▶ **Task to complete**
Leave the pictures aside. Retype exactly the lines from the top of the data below through the one holding "Rukávy zakončené lemom, vo".

[Dataset entries]
★ ★ ★ ★

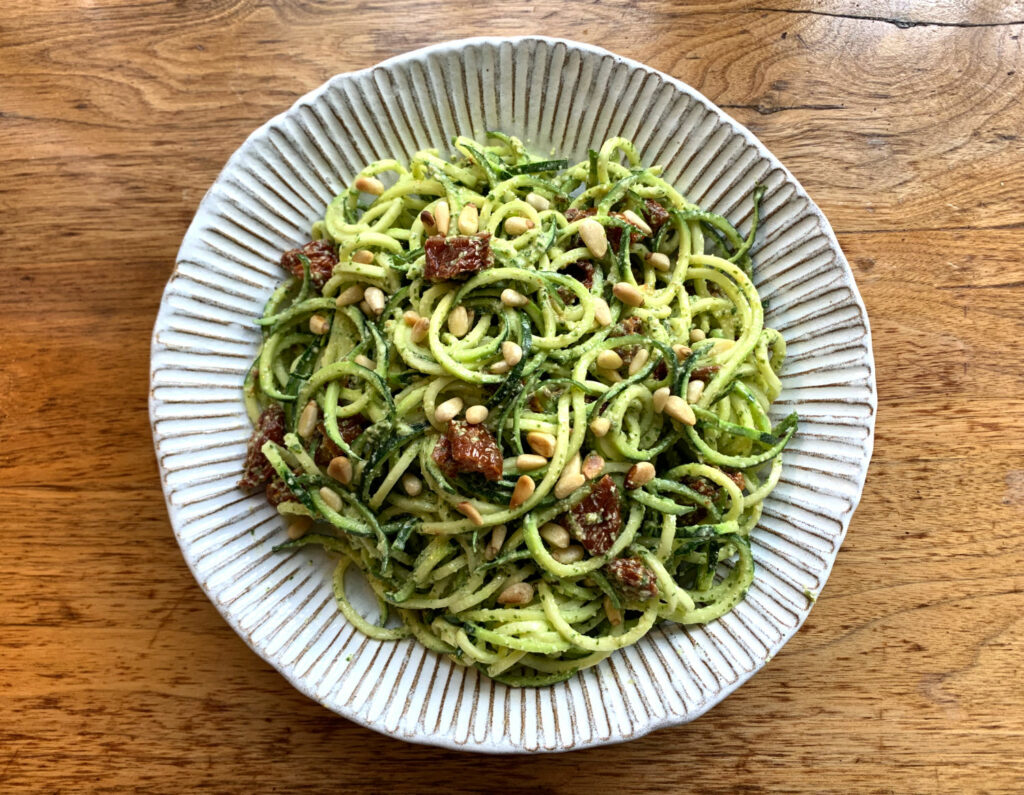 A lovely zesty and creamy pesto courgette salad paired with salty sweet sun-dried tomatoes. It’s a is a perfect way to use up your glut…
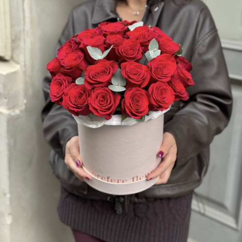 Darujte klasické rudé růže v elegantní kloboukové krabici, které zahřejí u srdce při každé radostné události.
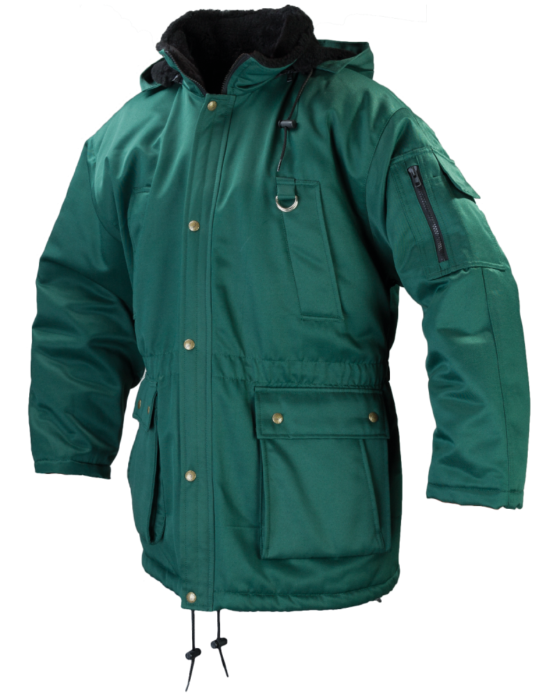 Rukávy zakončené lemom, vo vnútri všitý ochranný pružný lem, na ľavom rukáve vrecko zapínané na zips, s priehradkou na pero a vreckom na telefón.
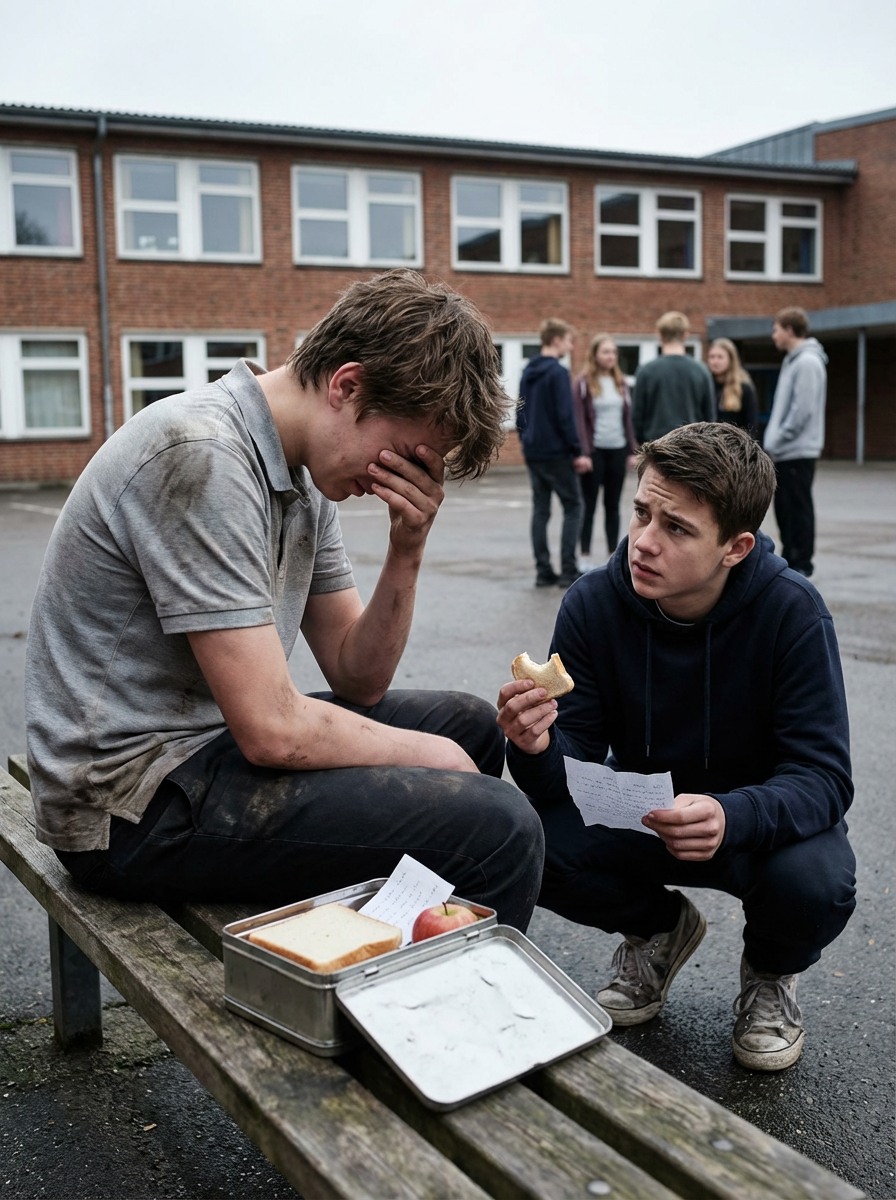 Rubavo il pranzo al povero ragazzo per umiliarlo… finché non ho letto il biglietto di sua madre e mi si è spezzato il cuore.
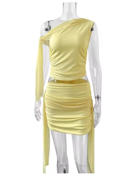 Women's Elegant Temperament Pleated Top and Short Skirt Set, Solid Color Net Sand Diagonal Shoulder Strap, Summer Beach Ou, New
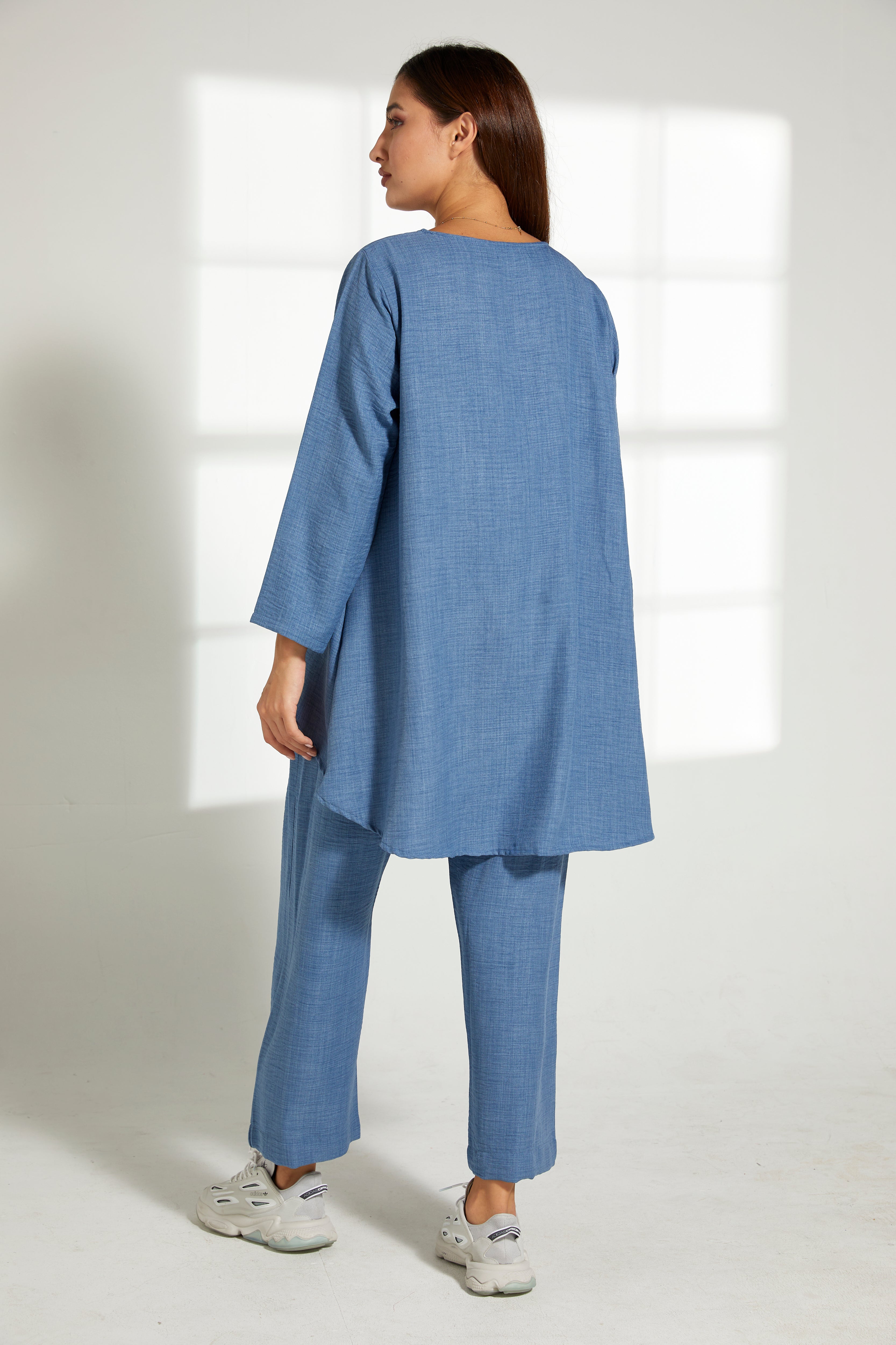 MOiSTREET بلوزة وسروال من قماش ميلانج أزرق CEY
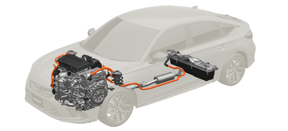 La performance hybride de Honda est le résultat de la combinaison intelligente d'un puissant et efficace moteur à essence de 2,0 litres, de deux moteurs électriques et d'une batterie lithium-ion. L'avantage de l'i-MMD est qu'en plus d'utiliser le moteur à essence pour produire de l'électricité, il peut récupérer l'énergie gaspillée pour recharger la batterie, ce qui signifie que vous n'aurez jamais à brancher votre Civic e:HEV sur le réseau électrique. C'est l'hybride que vous pouvez sentir, avec une conduite que vous apprécierez tous les jours.
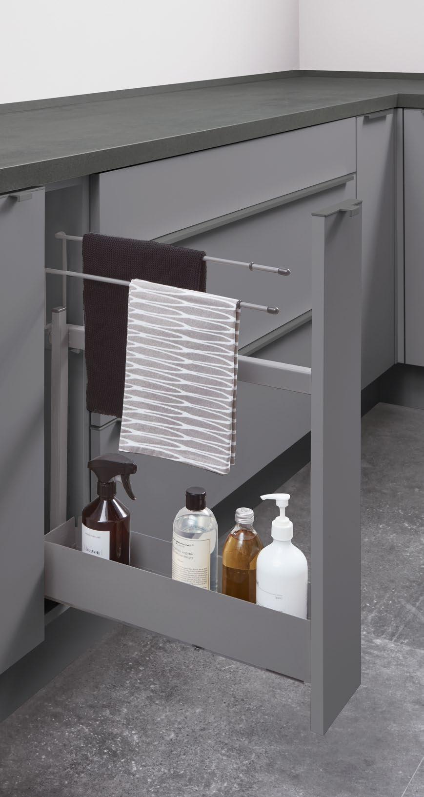 The nBOX impresses with its delicate lines, a striking, cubic design idiom and the narrow drawer frame of just 10.7 mm that gives the innovative drawer its puristic character. The sophisticated slate grey colour, which is also available for the interior, highlights the drawer’s timeless elegance. Ideal for a cohesive kitchen, bathroom and living room design.
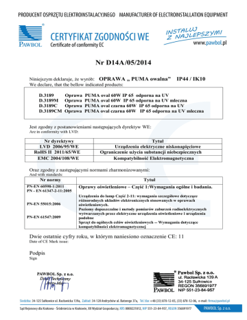Nr D14A /05/2014 Niniejszym deklaruje, że wyrób: OPRAWA „ PUMA owalna” We declare, that the bellow indicated products: D.3189 D.3189M D.3189C D.3189CM Oprawa Oprawa Oprawa Oprawa IP44 / IK10 PUMA oval 60W IP 65 odporna na UV PUMA oval 60W IP 65 odporna na UV mleczna PUMA oval czarna 60W IP 65 odporna na UV PUMA oval czarna 60W IP 65 odporna na UV mleczna Jest zgodny z postanowieniami następujących dyrektyw WE: Are in conformity with LVD: Nr dyrektywy LVD 2006/95/WE RoHS II 2011/65/WE EMC 2004/108/WE Tytuł Urządzenia elektryczne niskonapięciowe Ograniczenie użycia substancji niebezpiecznych Kompatybilność Elaktromagnetyczna Oraz zgodny z następującymi normami zharmonizowanymi: And with standards: Nr normy PN-EN 60598-1:2011 PN - EN 61347-2-11:2005 PN-EN 55015:2006 PN-EN 61547:2009 Tytuł Oprawy oświetleniowe – Część 1:Wymagania ogólne i badania. Urządzenia do lamp Część 2-11: wymagania szczegółowe dotyczące różnorodnych układów elektronicznych stosowanych w oprawach oświetleniowych. Poziomy dopuszczalne i metody pomiarów zaburzeń radioelektrycznych wytwarzanych przez elektryczne urządzenia oświetleniowe i urządzenia podobne Sprzęt do ogólnych celów oświetleniowych -- Wymagania dotyczące kompatybilności elektromagnetycznej Dwie ostatnie cyfry roku, w którym naniesiono oznaczenie CE: 11 Date of CE Mark issue: Podpis Sign
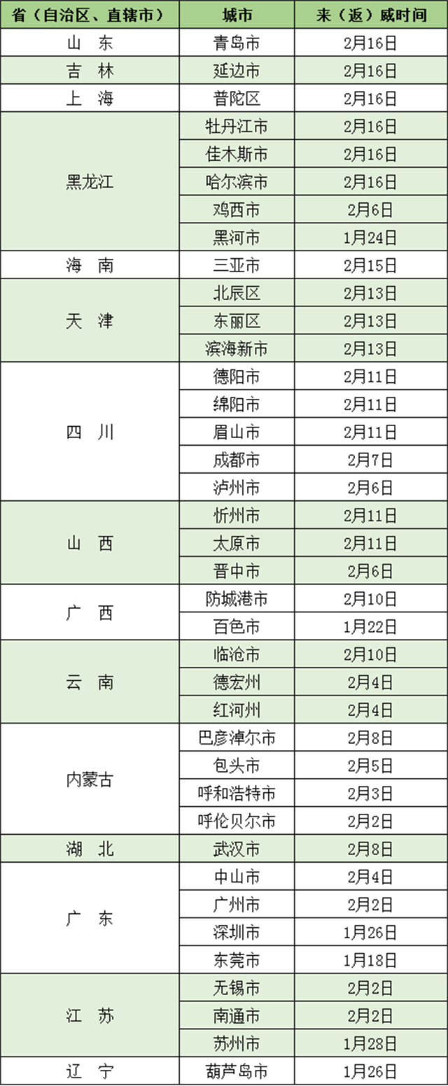 ??????請自青島市、上海市(普陀區)、延邊市、牡丹江市、佳木斯市、哈爾濱市、三亞市、天津市(北辰區、東麗區、濱海新區)、德陽市、綿陽市、眉山市、忻州市、太原市、防城港市、臨滄市、武漢市、巴彥淖爾市、成都市、瀘州市、晉中市、雞西市、包頭市、德宏州、紅河州、中山市、呼和浩特市、呼倫貝爾市、無錫市、南通市、廣州市、蘇州市、葫蘆島市 、百色市、黑河市、深圳市、東莞市等發生本土疫情地區的入(返)威人員,與已公布的陽性感染者活動時空軌跡重疊人員,到過或途經中高風險地區人員,請第一時間主動向所在社區(村)、住宿賓館和單位報備,配合落實屬地疫情防控指揮部管控措施和相應核酸檢測要求。
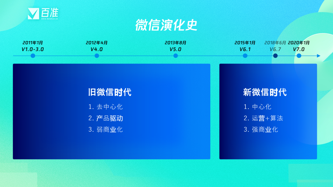 我们可以将微信划分为新旧两个时代,旧的微信时代以产品为王,去中心化非常突出,几乎没有运营,大家不聊商业,只聊用户体验和用户价值。
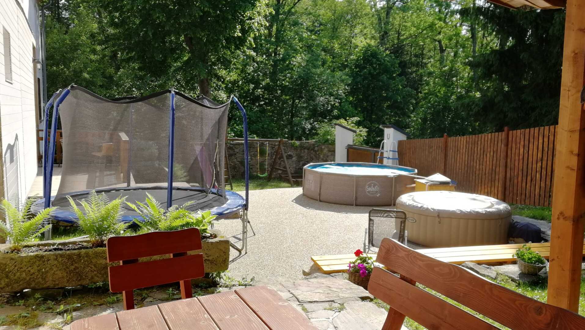 - dětský koutek (domeček, skluzavka, houpačky, trampolína, pískoviště)
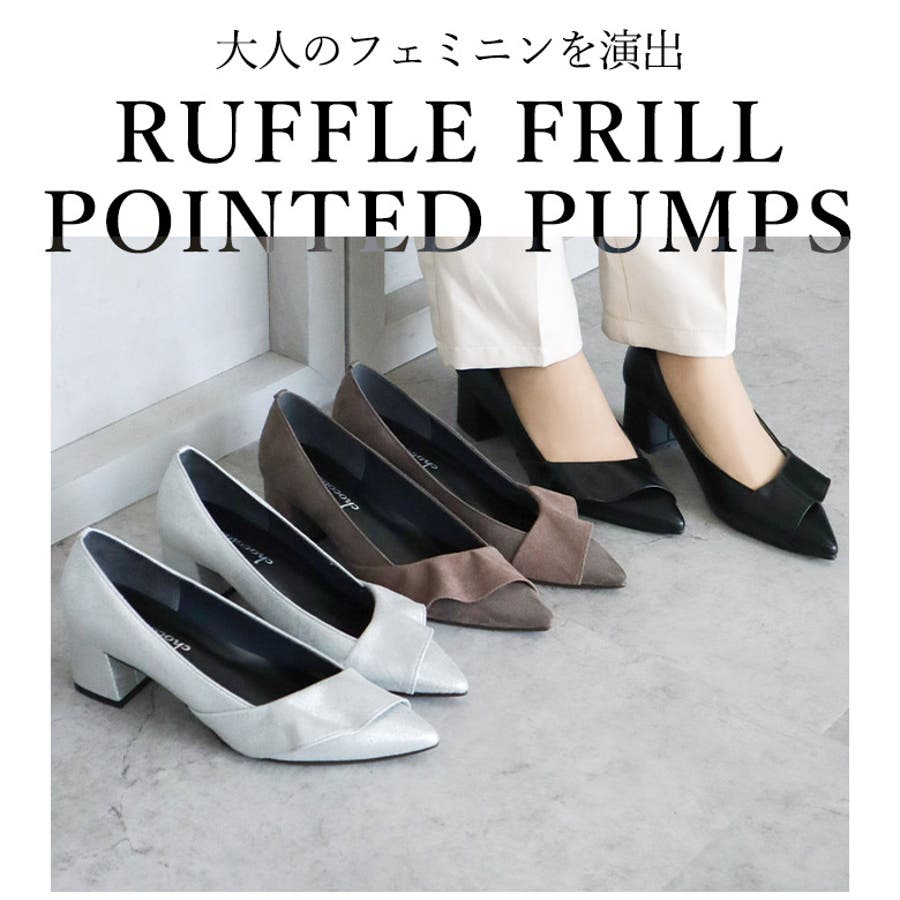 日本製 ポインテッドトゥ ラッフルフリル パンプス
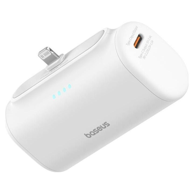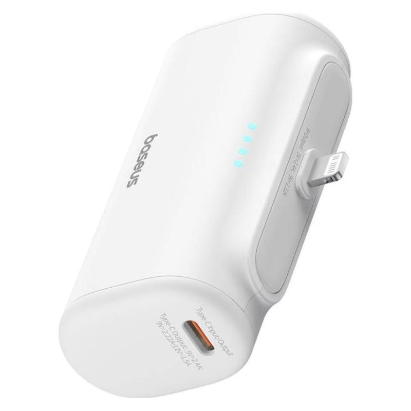Ten biały powerbank Baseus to ultra kompaktowy mini powerbank o pojemności 5000mAh, idealny do szybkiego ładowania urządzeń iPhone. Dzięki zintegrowanemu złączu Lightning oraz mocy 20W PD Fast Charge, zapewnia ładowanie bez kabli, a sam powerbank można naładować do pełna w niespełna dwie godziny.
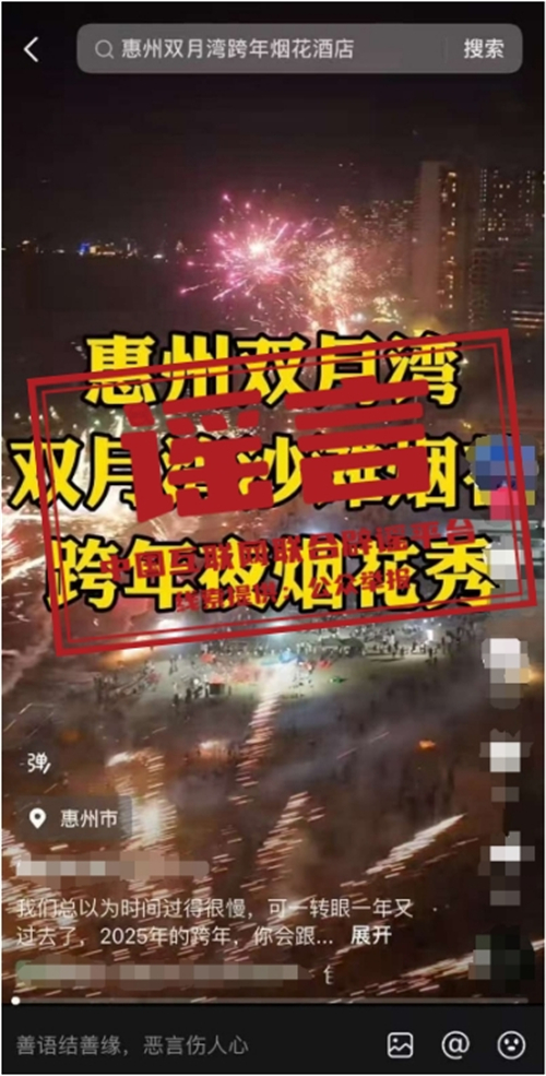 真相:近期,網(wǎng)絡(luò)上出現(xiàn) “廣東惠州雙月灣2025跨年煙花秀”“2025雙月灣跨年倒數(shù)夜”“雙月灣跨年煙花秀”等信息,引發(fā)關(guān)注。經(jīng)相關(guān)部門核實(shí),網(wǎng)傳信息均系不實(shí)信息。目前廣東省惠州市惠東縣雙月灣沒有舉辦2025年跨年煙花秀活動的安排,請廣大游客不聽謠、不信謠、不傳謠,一切以官方發(fā)布信息為準(zhǔn)。(來源:“惠州日報”微信公眾號、惠東文旅體)
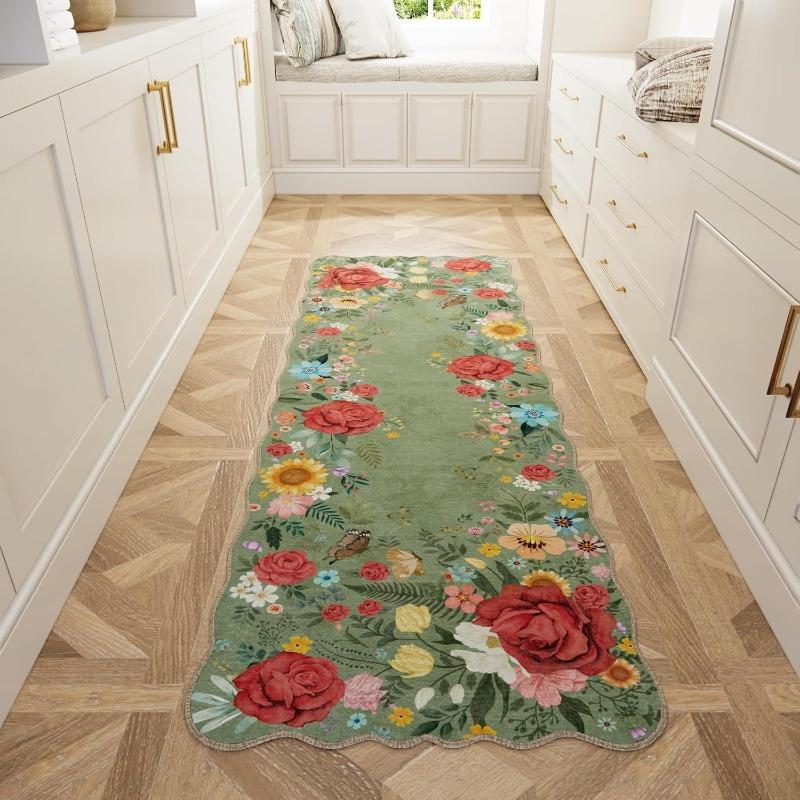Fashion Flower runner Rug Washable Foldable Non-slip Bedroom Bedside Mat Light Luxury Home Decoration Soft Corridor Carpet
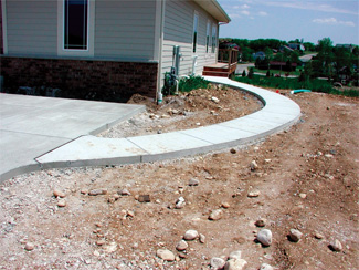 “Curves are another area where the forms are nice,” Ladewig asserts. “It’s a pain to keep Masonite in stock all the time, and we need to use more pins or backfill to kept it rigid. Now for a round patio we just put a bunch of the forms together and bend them to shape; then we go through with stakes here and there, adjust them a bit, and we’re ready to pour.”
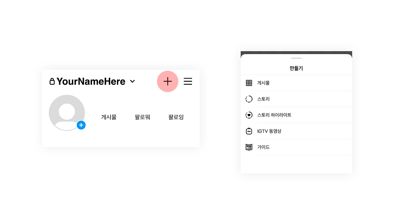 프로필 상의 변화도 두드러진다. 기존 가운데 정렬로 되어있던 아이디가 좌측으로 이동하면서 글씨가 더 커지고 우측에 +버튼이 추가되었다. 기존 별도로 존재했던 컨텐츠와 게시글 업로드, 그리고 자동 생성되었던 IGTV를 '생성'이라는 키워드로 한 데 묶어 제공하며, '가이드'도 제공한다.
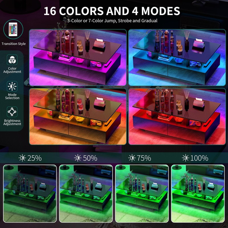 YITAHOME LED Coffee Table with Storage, High Glossy LED Coffee Tables for Living Room, Modern Black Rectangle Coffe Table, Small Center Table with Open Display Shelf & 4 Sliding Drawers, Glossy Black
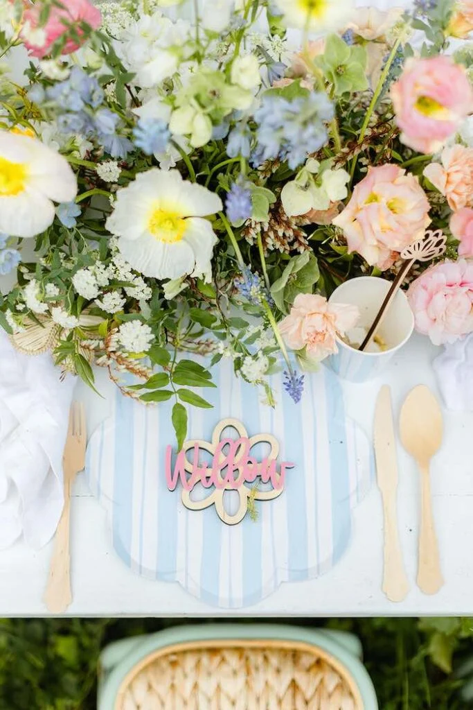 Сервировка получилась лёгкой и непринуждённой: бумажная посуда в пастельную полоску и простые деревянные приборы добавили уюта без лишней торжественности. На каждой тарелочке — акриловая рассадочная карточка с именем: так дети легко находили свои места и чувствовали себя особенными гостями праздника.

★ ★ ★ ★

▶ **Solution to the problem**
 A lovely zesty and creamy pesto courgette salad paired with salty sweet sun-dried tomatoes. It’s a is a perfect way to use up your glut…
 Darujte klasické rudé růže v elegantní kloboukové krabici, které zahřejí u srdce při každé radostné události.
 Rukávy zakončené lemom, vo vnútri všitý ochranný pružný lem, na ľavom rukáve vrecko zapínané na zips, s priehradkou na pero a vreckom na telefón.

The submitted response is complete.